ACTION ITEM:
The reply should contain the full listing exactly as written and no pictures at all.

DATA PROVIDED:

=-=-=-=-=

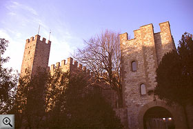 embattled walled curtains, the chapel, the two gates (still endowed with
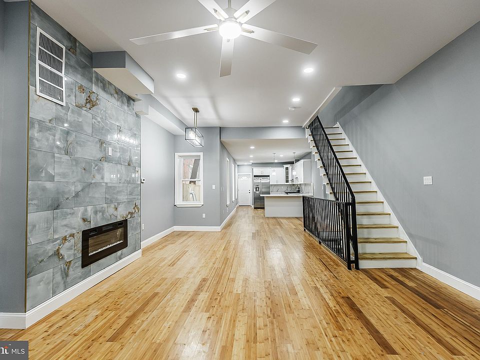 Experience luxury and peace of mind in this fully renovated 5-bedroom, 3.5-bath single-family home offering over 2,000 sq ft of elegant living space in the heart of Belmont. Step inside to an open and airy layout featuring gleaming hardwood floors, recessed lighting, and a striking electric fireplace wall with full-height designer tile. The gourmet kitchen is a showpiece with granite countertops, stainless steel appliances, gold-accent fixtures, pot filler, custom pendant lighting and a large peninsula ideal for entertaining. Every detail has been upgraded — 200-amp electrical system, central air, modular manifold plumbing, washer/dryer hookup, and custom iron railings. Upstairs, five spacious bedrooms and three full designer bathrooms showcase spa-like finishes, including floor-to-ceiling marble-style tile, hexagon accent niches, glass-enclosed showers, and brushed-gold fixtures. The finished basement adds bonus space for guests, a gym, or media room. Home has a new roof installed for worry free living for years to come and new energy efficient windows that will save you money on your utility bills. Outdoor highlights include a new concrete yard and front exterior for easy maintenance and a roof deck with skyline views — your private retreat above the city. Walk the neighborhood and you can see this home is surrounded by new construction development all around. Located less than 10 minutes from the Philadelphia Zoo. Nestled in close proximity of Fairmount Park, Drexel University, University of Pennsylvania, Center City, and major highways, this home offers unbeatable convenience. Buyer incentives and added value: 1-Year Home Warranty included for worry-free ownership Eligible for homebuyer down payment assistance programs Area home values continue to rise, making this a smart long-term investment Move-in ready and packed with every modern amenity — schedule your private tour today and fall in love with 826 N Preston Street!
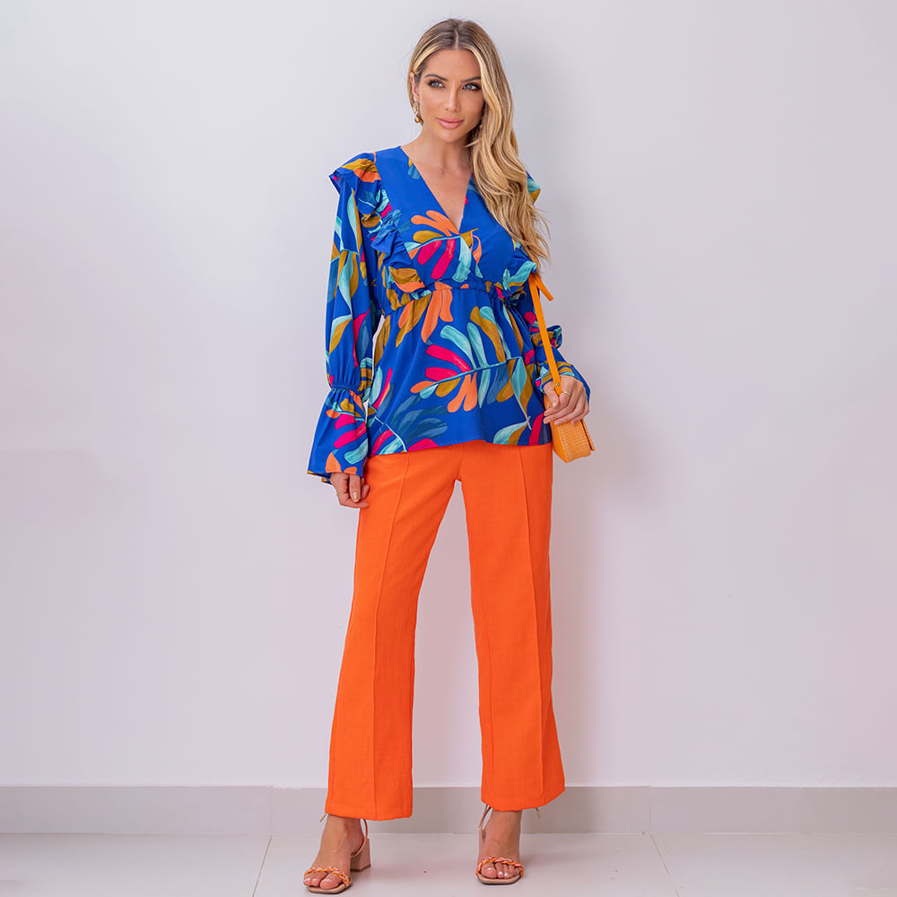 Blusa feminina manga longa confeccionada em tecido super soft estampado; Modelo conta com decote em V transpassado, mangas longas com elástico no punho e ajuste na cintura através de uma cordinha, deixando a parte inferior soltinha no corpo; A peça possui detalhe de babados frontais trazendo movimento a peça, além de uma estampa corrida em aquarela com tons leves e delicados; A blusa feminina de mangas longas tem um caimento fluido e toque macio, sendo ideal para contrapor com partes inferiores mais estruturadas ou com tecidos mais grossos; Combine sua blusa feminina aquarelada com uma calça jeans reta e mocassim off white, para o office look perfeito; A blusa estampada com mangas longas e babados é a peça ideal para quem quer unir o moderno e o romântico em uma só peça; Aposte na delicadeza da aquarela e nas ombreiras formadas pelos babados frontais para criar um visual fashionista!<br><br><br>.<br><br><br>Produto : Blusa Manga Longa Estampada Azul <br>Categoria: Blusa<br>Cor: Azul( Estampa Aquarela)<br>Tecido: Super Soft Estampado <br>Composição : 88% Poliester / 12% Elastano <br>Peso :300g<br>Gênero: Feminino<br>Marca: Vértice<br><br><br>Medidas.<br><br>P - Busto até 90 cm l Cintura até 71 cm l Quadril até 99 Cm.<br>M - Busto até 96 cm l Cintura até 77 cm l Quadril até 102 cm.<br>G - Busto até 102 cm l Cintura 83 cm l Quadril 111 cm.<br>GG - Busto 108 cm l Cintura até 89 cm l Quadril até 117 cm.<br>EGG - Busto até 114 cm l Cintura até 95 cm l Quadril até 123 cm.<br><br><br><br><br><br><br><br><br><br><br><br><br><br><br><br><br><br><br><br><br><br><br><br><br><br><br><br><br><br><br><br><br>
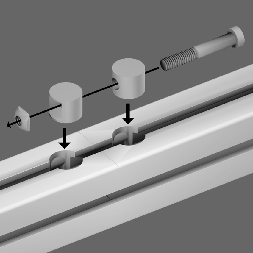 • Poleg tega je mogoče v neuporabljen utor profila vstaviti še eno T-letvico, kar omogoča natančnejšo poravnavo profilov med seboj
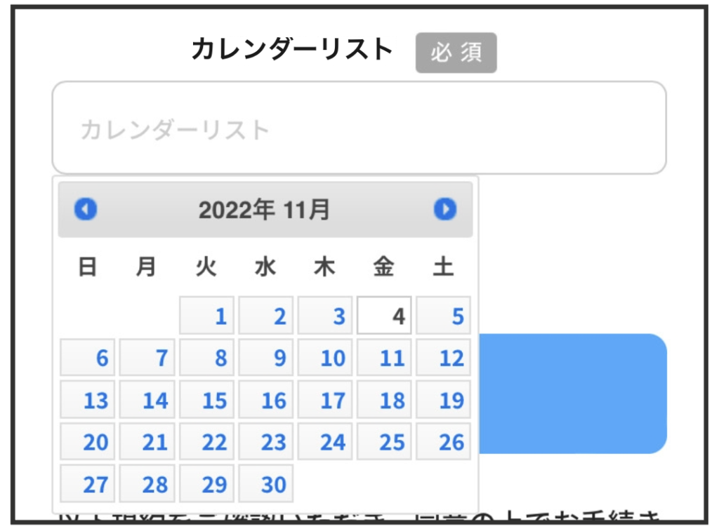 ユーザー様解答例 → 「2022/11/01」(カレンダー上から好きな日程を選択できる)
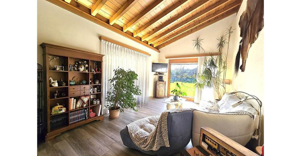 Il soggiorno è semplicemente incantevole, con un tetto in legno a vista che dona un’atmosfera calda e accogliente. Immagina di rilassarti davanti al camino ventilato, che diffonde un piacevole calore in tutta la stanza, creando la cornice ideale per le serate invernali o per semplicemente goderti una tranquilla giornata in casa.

=-=-=-=-=

ANSWER FOR THE TASK:
 embattled walled curtains, the chapel, the two gates (still endowed with
 Experience luxury and peace of mind in this fully renovated 5-bedroom, 3.5-bath single-family home offering over 2,000 sq ft of elegant living space in the heart of Belmont. Step inside to an open and airy layout featuring gleaming hardwood floors, recessed lighting, and a striking electric fireplace wall with full-height designer tile. The gourmet kitchen is a showpiece with granite countertops, stainless steel appliances, gold-accent fixtures, pot filler, custom pendant lighting and a large peninsula ideal for entertaining. Every detail has been upgraded — 200-amp electrical system, central air, modular manifold plumbing, washer/dryer hookup, and custom iron railings. Upstairs, five spacious bedrooms and three full designer bathrooms showcase spa-like finishes, including floor-to-ceiling marble-style tile, hexagon accent niches, glass-enclosed showers, and brushed-gold fixtures. The finished basement adds bonus space for guests, a gym, or media room. Home has a new roof installed for worry free living for years to come and new energy efficient windows that will save you money on your utility bills. Outdoor highlights include a new concrete yard and front exterior for easy maintenance and a roof deck with skyline views — your private retreat above the city. Walk the neighborhood and you can see this home is surrounded by new construction development all around. Located less than 10 minutes from the Philadelphia Zoo. Nestled in close proximity of Fairmount Park, Drexel University, University of Pennsylvania, Center City, and major highways, this home offers unbeatable convenience. Buyer incentives and added value: 1-Year Home Warranty included for worry-free ownership Eligible for homebuyer down payment assistance programs Area home values continue to rise, making this a smart long-term investment Move-in ready and packed with every modern amenity — schedule your private tour today and fall in love with 826 N Preston Street!
 Blusa feminina manga longa confeccionada em tecido super soft estampado; Modelo conta com decote em V transpassado, mangas longas com elástico no punho e ajuste na cintura através de uma cordinha, deixando a parte inferior soltinha no corpo; A peça possui detalhe de babados frontais trazendo movimento a peça, além de uma estampa corrida em aquarela com tons leves e delicados; A blusa feminina de mangas longas tem um caimento fluido e toque macio, sendo ideal para contrapor com partes inferiores mais estruturadas ou com tecidos mais grossos; Combine sua blusa feminina aquarelada com uma calça jeans reta e mocassim off white, para o office look perfeito; A blusa estampada com mangas longas e babados é a peça ideal para quem quer unir o moderno e o romântico em uma só peça; Aposte na delicadeza da aquarela e nas ombreiras formadas pelos babados frontais para criar um visual fashionista!<br><br><br>.<br><br><br>Produto : Blusa Manga Longa Estampada Azul <br>Categoria: Blusa<br>Cor: Azul( Estampa Aquarela)<br>Tecido: Super Soft Estampado <br>Composição : 88% Poliester / 12% Elastano <br>Peso :300g<br>Gênero: Feminino<br>Marca: Vértice<br><br><br>Medidas.<br><br>P - Busto até 90 cm l Cintura até 71 cm l Quadril até 99 Cm.<br>M - Busto até 96 cm l Cintura até 77 cm l Quadril até 102 cm.<br>G - Busto até 102 cm l Cintura 83 cm l Quadril 111 cm.<br>GG - Busto 108 cm l Cintura até 89 cm l Quadril até 117 cm.<br>EGG - Busto até 114 cm l Cintura até 95 cm l Quadril até 123 cm.<br><br><br><br><br><br><br><br><br><br><br><br><br><br><br><br><br><br><br><br><br><br><br><br><br><br><br><br><br><br><br><br><br>
 • Poleg tega je mogoče v neuporabljen utor profila vstaviti še eno T-letvico, kar omogoča natančnejšo poravnavo profilov med seboj
 ユーザー様解答例 → 「2022/11/01」(カレンダー上から好きな日程を選択できる)
 Il soggiorno è semplicemente incantevole, con un tetto in legno a vista che dona un’atmosfera calda e accogliente. Immagina di rilassarti davanti al camino ventilato, che diffonde un piacevole calore in tutta la stanza, creando la cornice ideale per le serate invernali o per semplicemente goderti una tranquilla giornata in casa.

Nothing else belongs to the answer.